ディープラーニングの研究を7年続け、そろそろまた次のステージへと進むタイミングを計っていた折に、生成AIの波がやってきました。世の中の変革の中心地にいたいと、生成AIのことを100%考えていられる環境を求め、Sakana AIに移ります。ChatGPTのようなLLM(Large Language Model)に関する経験はゼロでしたが、ディープラーニングをゼロから学んだ経験もあり、今なら追いつくのは簡単だろうと飛び込みました。

生成AIの改良にあたって、Scaling Lawと呼ばれる、資源を注ぎ込めば注ぎ込むほどAIが賢くなるという法則がOpenAIによって発表されています。「投入するデータを増やすことでよりよいAIという約束された未来が訪れます。規模が大きいのでもちろん大変ではありますが、アルゴリズム的には今までやってきたことの延長線上のことです。特別な創意があるわけではなく、みんながほとんど同じことをしています」と、秋葉さんはこの方向性では「自分にしか書けないプログラムを創る」という思いを果たせないと感じます。だからこそ、Sakana AIのScaling Lawと決別したモデル作りを目指すという方針に共感し、まったく別のアプローチでのモデル作りに打ち込んでいるのです。「投入するデータ量の競争ではなく、人間の賢さで勝負できる。自分自身の腕が問われます」と、楽しそうに話します。

興味を持てることを見つけて没頭しよう

「大学での勉強を将来役立てようと思っていたわけではないのですが、社会に出ても専門を変えても活きています。論文を正しく読み、批判的に読み、積み重ねて体系づけ、そのうえで考えるというのも、結果的にすごく役立っています。自分がやりたいことに熱中して基礎力を磨けたのはすごくよい経験でした。

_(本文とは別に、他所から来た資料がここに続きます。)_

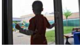
Autisme : une réplique censurée dans un...
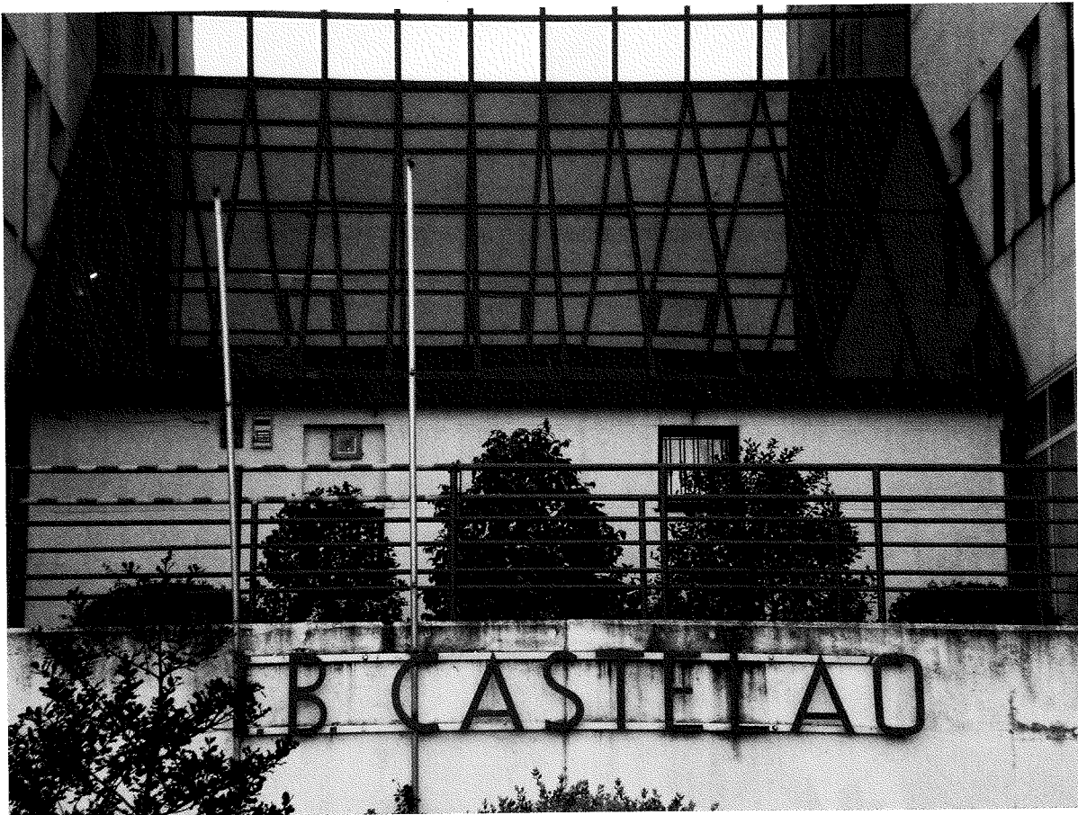
Vigo, febrero 2008

自分が興味を持てることを見つけて没頭できたらいいなと思います」

※2024年取材時
文/堀部 直人
写真/貝塚 純一

Sakana AI株式会社
リサーチサイエンティスト
AKIBA Takuya
秋葉 拓哉
2015年東京大学大学院情報理工学系研究科で博士号を取得後、国立情報学研究所、Preferred Networks、Stability AIを経て、現職。現在は生成基盤モデルに関連する複数の研究プロジェクトを手掛ける。共著書に『Kaggleに挑む深層学習プログラミングの極意』(講談社)などがある。